I wanted to update this thread with my experience.

I have been running a set of the UNO with M-Force 8 bodies. These pedals have been used on my XC bike, Fat bike, and for gravel racing.

I used them for over a year now and pedal strike probably every other ride when mountain biking (ironically its always the non-drive side crank arm), using a Next SL crank the pod sits about the same height as the crank arm and although I see some scratches on the pedal and crank nothing has stopped working and they have not broken. I have used them on what I classify as All-Mountain trails also. I would 100% recommend these as a pedal setup, it would really take a gnarly hit to break them or a perfect angle of the hit to break them.

Besides that, they are regularly used in 0-10* weather for fat bike season and have seen plenty of water/stream crossing and some very sandy races. I was going to use them for CX but unfortunately I was not able to ride cross this year. Keep in mind even if you “crack” the exterior body that the pedals are a Bicomponent Filling Resin which means they are absolutely waterproof still.

For the price, weight and size, great product.

I hope this helps anyone wondering about the durability


I just installed the Assioma DUO-Shi spindles on my Shimano ES-600 pedal bodies. The spindles are identical to the spindles on the listed Shimano-compatible road pedals (shout out to one of my regular ride buddies for spotting this) and the install was flawless. I attached them to Cannondale ONE 172.5mm cranks and then did the manual calibration with my Wahoo ELMNT Bolt 2 computer, which recognised them and added POWER to the primary display.

My first ride with them will be tomorrow (I tested them with some Shimano MTB shoes I’ve had for years and they work perfectly without cosmetic surgery), but I’m seeking input on how to test their accuracy. From reading this thread my understanding is that the best way is using a turbo trainer. I have a ZwiftHub with native power measurement, so is the trick to record a ride with native power, then add the Assiomas as a power device to the ZwiftHub and record a second ride with them?

Discovering this thread was a godsend as I’m training for some endurance rides (>1000 km) and want to wear MTB shoes for the inevitable hike-a-bike sections. I also wanted to be able to use the same pedals on my gravel bike for those rides, rather than invest in a second set.

Honestly, I’d just assume they are accurate unless you get some massively weird numbers.

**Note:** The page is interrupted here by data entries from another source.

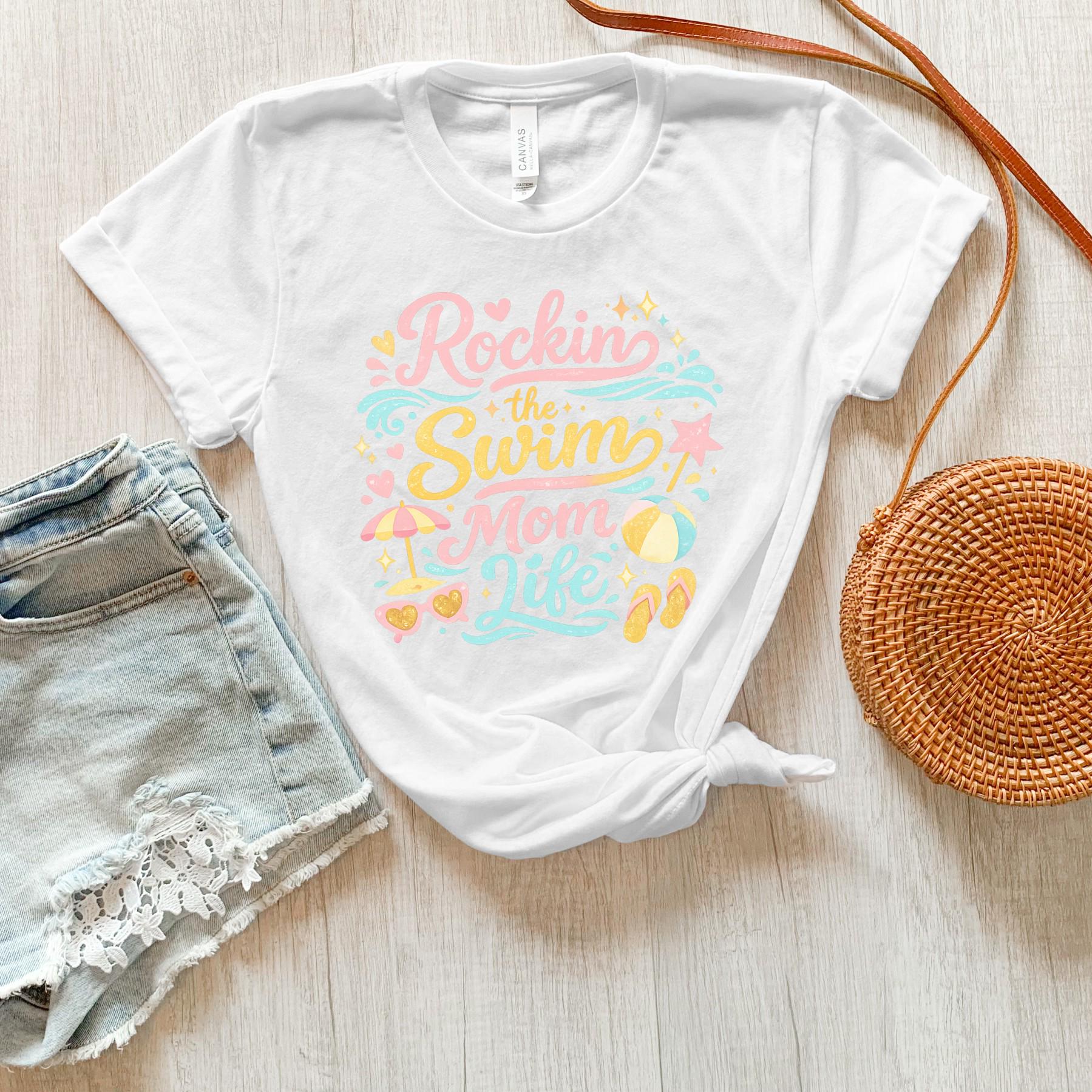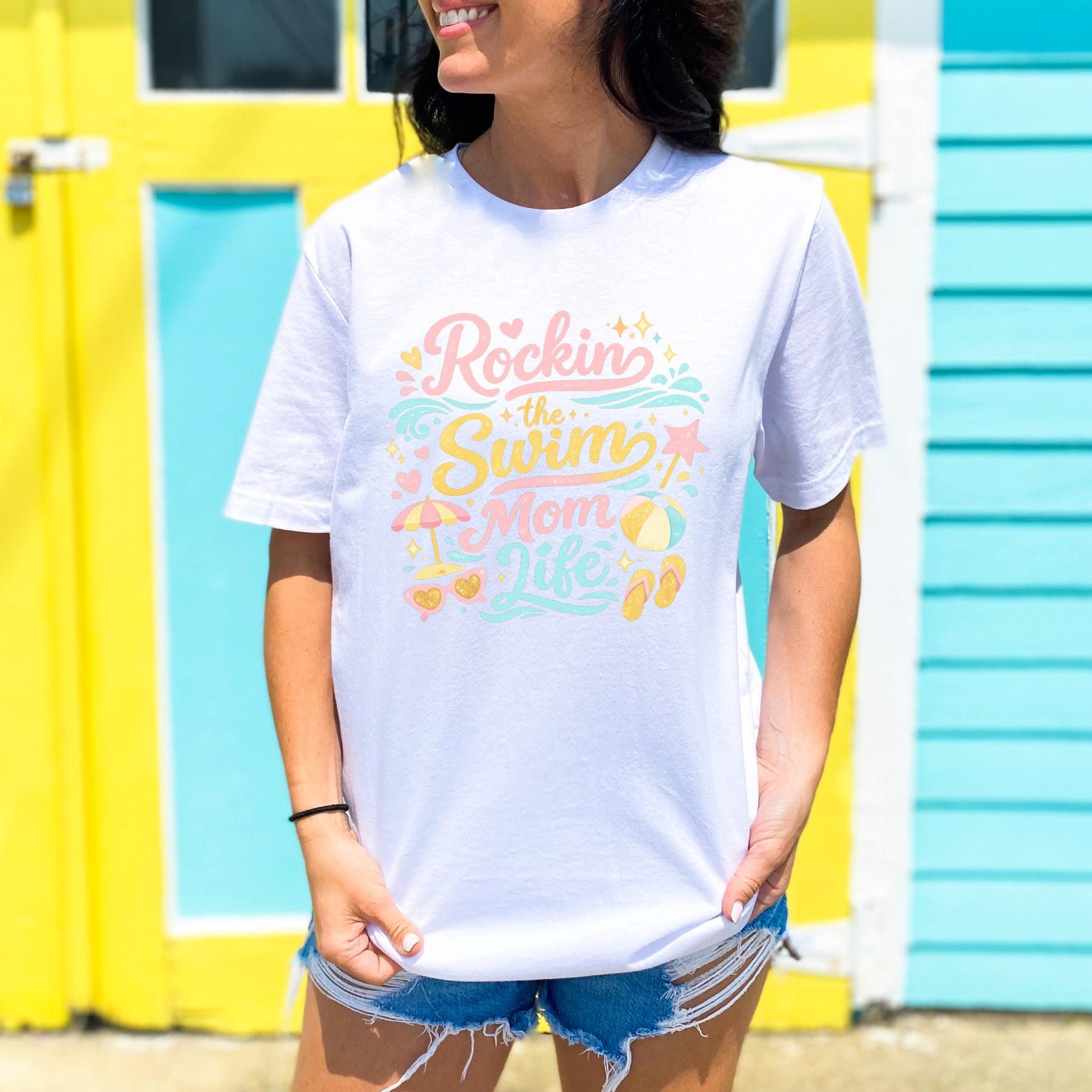 Live your best poolside life in this soft and stylish “Rockin the Swim Mom Life” tee 🌴🏊‍♀️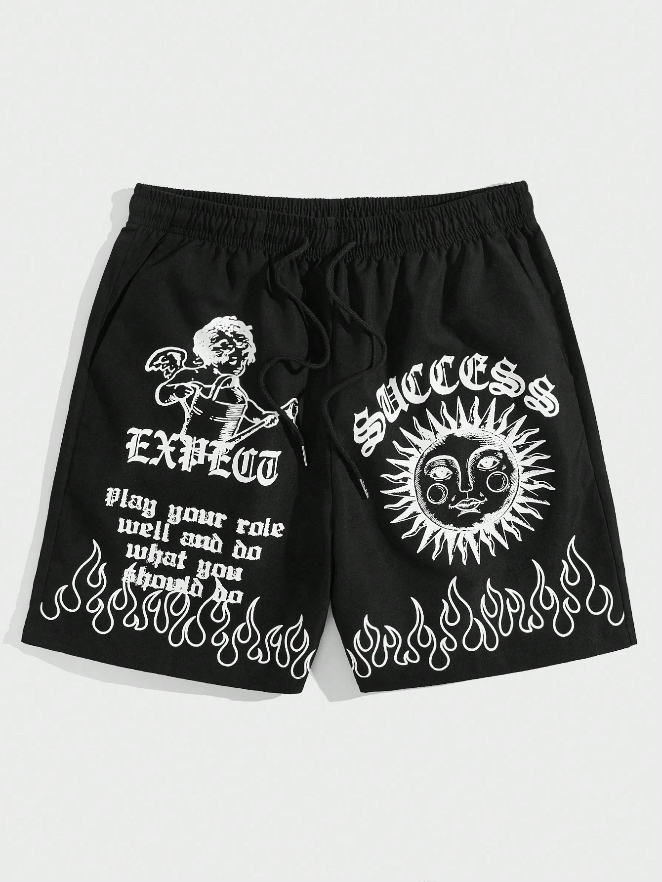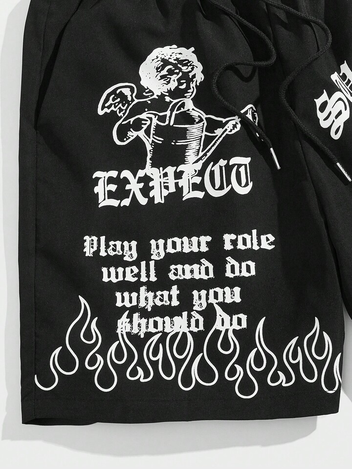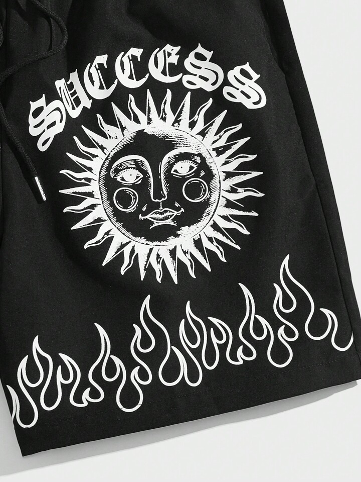 Street Life Hombres Shorts con slogan & con estampado de fuego de cintura con cordón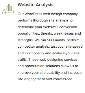 At Thrive, we spend time and effort to develop WordPress web designs that match your unique brand and suit your specific audience needs. Our WordPress web design company doesn’t use template designs and pre-packaged graphics. We perform in-depth site analysis, competitor benchmarking and audience analysis to identify your unique selling points (USPs) and determine your website’s clear conversion path.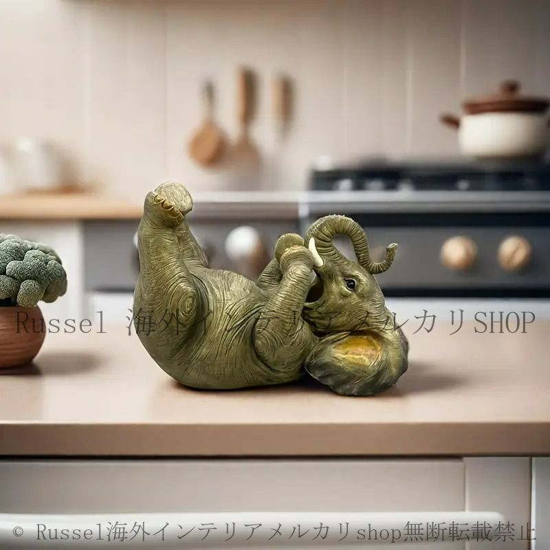 Russel海外インテリア、メルカリshop店のリアルなデザインが魅力の象のワインラック。寝転んでいるゾウの姿はユニークで、どんなお部屋にも遊び心をプラスする存在です。特に飲み会や特別な日を演出するアイテムとして、あなたのワインセレクションを華やかに引き立てます。手作りの精巧な造形が、見る人に喜びを与え、会話のきっかけにもなることでしょう。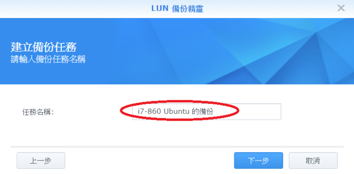 為備份任務取個名字,這裡打個容易記的名字就好……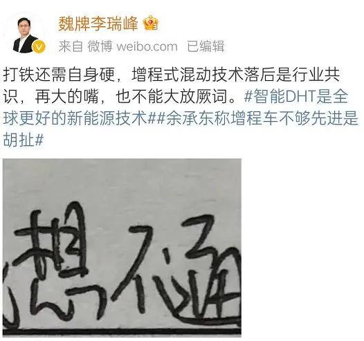 這是長城旗下品牌魏牌的CEO李瑞峰最近在網(wǎng)絡上回懟華為常務董事余承東的一句話,在此之前,余承東對外宣稱,“增程模式是目前最適合的新能源車模式”。但李瑞峰則認為,“增程式混動技術落后是行業(yè)共識”。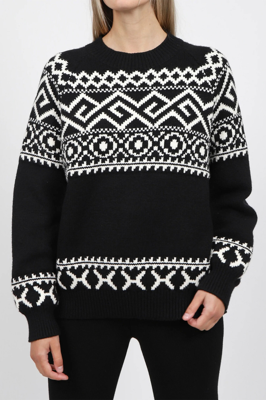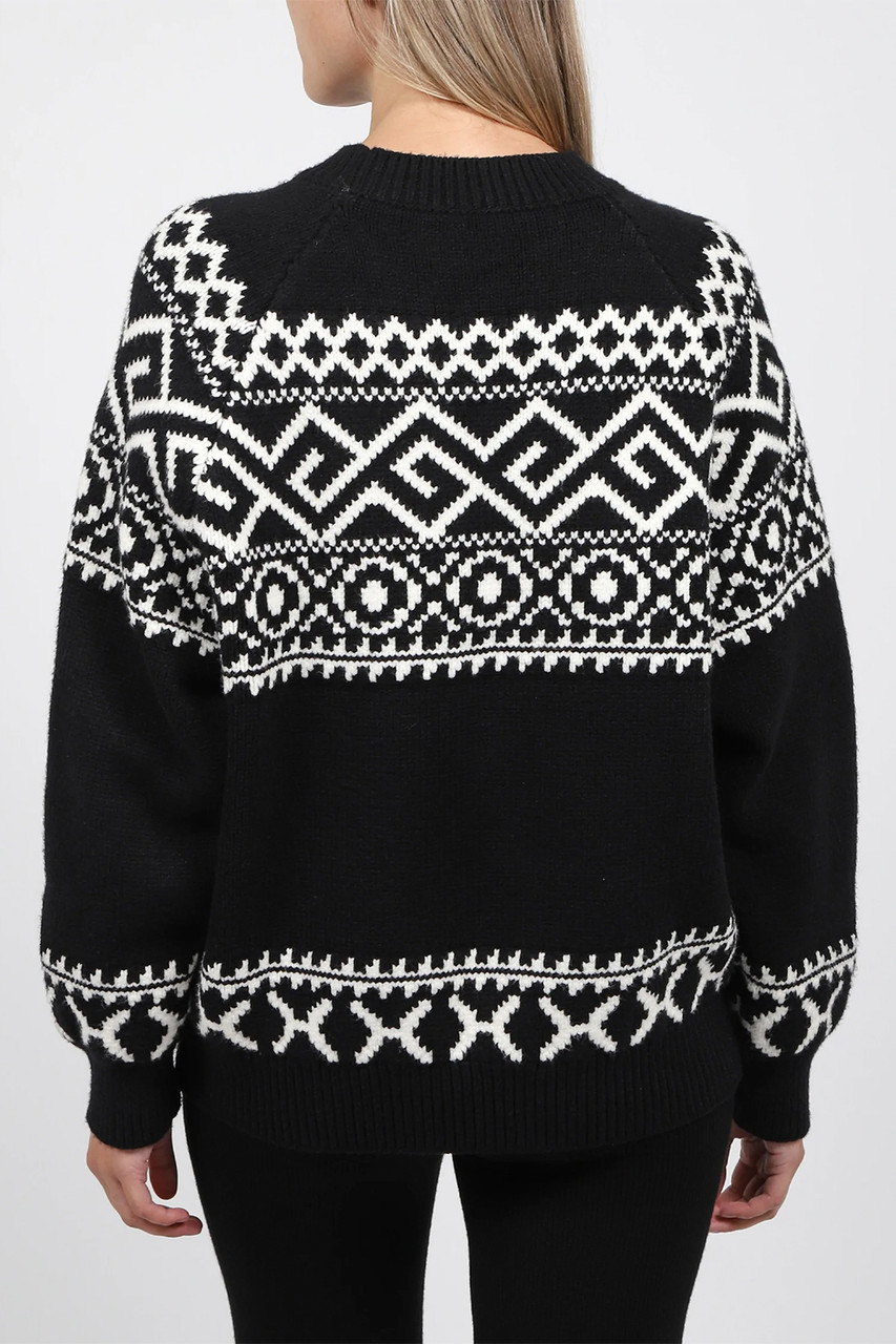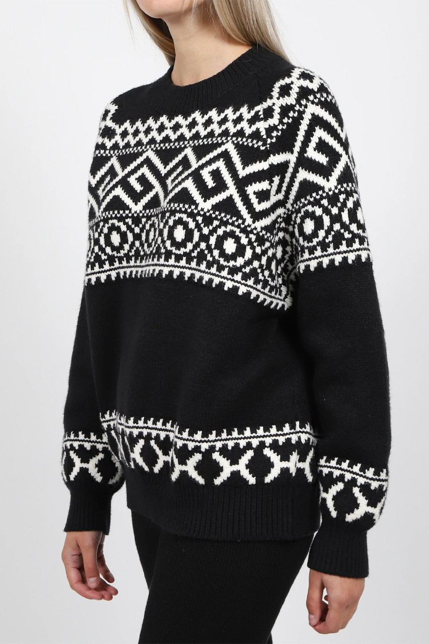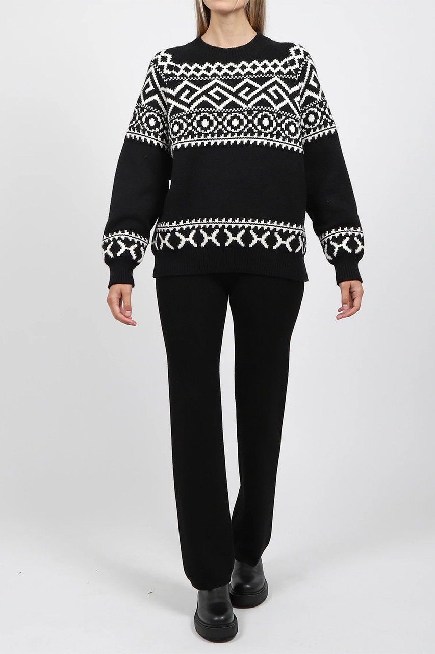 Our chunky Fair Isle Sweater will take you from day to après ski. Available in Black with a festive Cream pattern across the body and arms. Inspired by our NYBF’s Crew, this Knit Sweater features a wide body with a slouchy, oversized fit and a drop shoulder. By Brunette the Label.Â
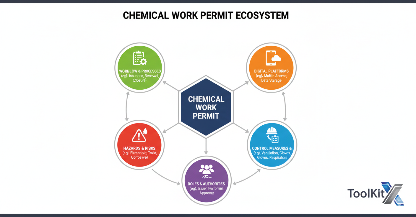A chemical work permit is a critical component of industrial safety. It ensures hazardous chemical tasks are planned, authorised, monitored and executed under controlled conditions. By having good procedures – and moving to digital PTW tools like ToolkitX – you can reduce chemical risk, improve compliance and increase operational reliability.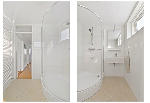 • De badkamer (2005) is volledig betegeld en voorzien van een douchehoek, wastafel en 2e toilet.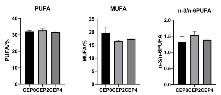 由表10可知,CEP8和CEP10组的天门冬氨酸、谷氨酸、甘氨酸和精氨酸显著高于CEP0组,CEP10组的丙氨酸显著高于CEP0组(P<0.05),得出饲料中添加8%~10%的棉籽酶解蛋白替代鱼粉可以增加凡纳滨对虾的风味氨基酸含量,提高肌肉的风味。 4.7.2肌肉脂肪酸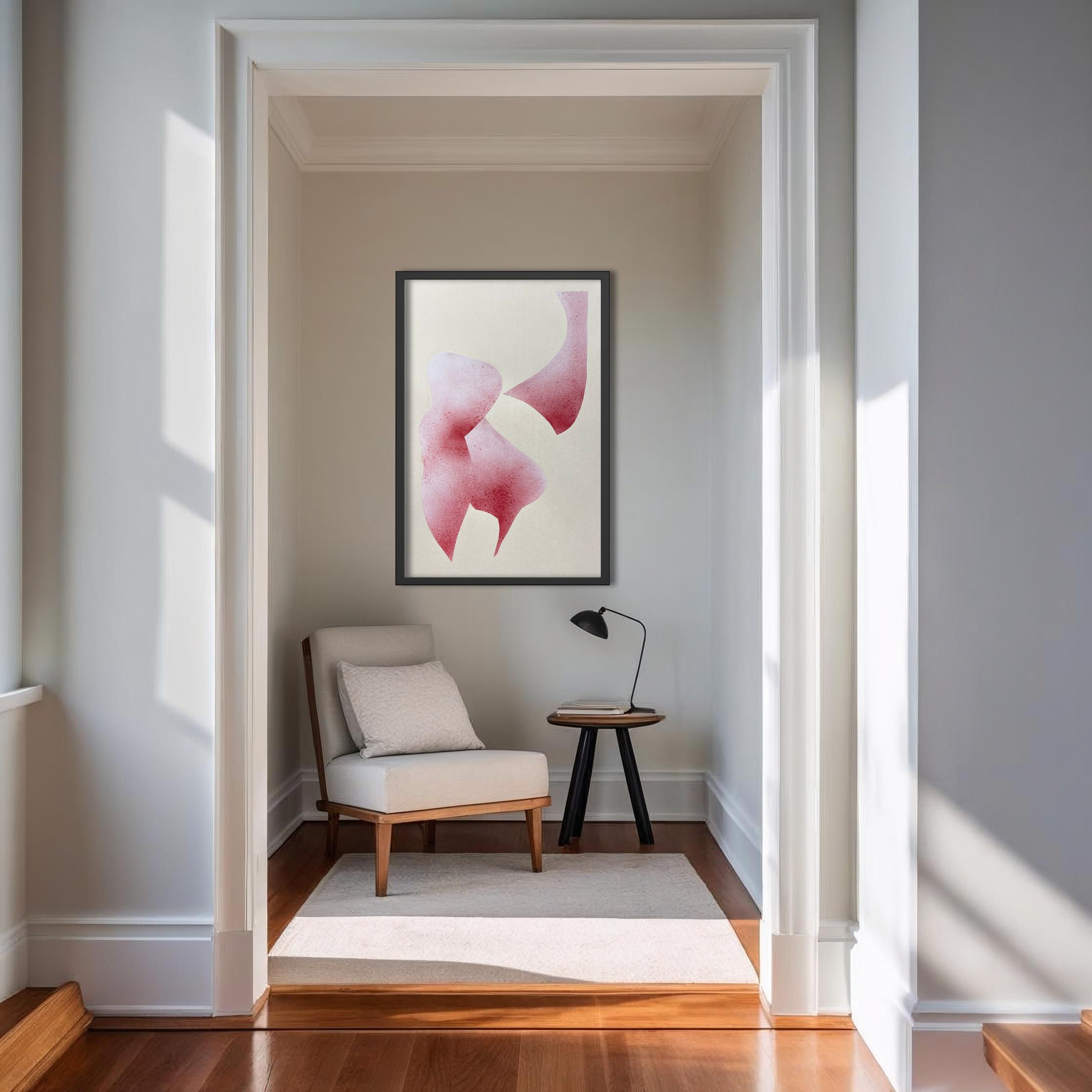 Podsumowując, „Kompozycja cielesna X” to dojrzała i intymna praca Klary Tomczak, która poprzez odmienną paletę barwną – opartą na ciepłym beżu i zróżnicowanych odcieniach różu i czerwieni – pogłębia jej eksplorację tematu cielesności. Używając techniki kolażu pigmentowego, artystka tworzy abstrakcyjne formy o silnym, lecz subtelnym zabarwieniu figuratywnym, które zmuszają widza do refleksji nad pięknem i akceptacją tego, co w ludzkim ciele bywa często niedoskonałe lub ukryte. To dzieło, pomimo swojej wizualnej prostoty, jest bogate w symbolikę, zapraszając do głębokiej kontemplacji nad naturą samoakceptacji i uniwersalnym doświadczeniem życia w swoim ciele.

As 1,000 threads on this forum will attest, no two power meters will give the exact same numbers anyway so you won’t know which ones are “accurate” anyway. Plus, the Assioma pedals just work. As in, they are one of the least likely power sources to be “not accurate” unless you screwed up the install or part of your shoe is rubbing on the pod.

Edit: I’ve got two pairs of Assiomas and a smart trainer. I’ve never done an official compare and contrast, but all three sets of power meters give readings that seem the same on similar effort levels.

Btw, having the power meter on the bike for long events is both awesome and terrible. It’s great for keeping your effort lower early in the event, but it’s depressing seeing that you can’t even reach your FTP later in the event.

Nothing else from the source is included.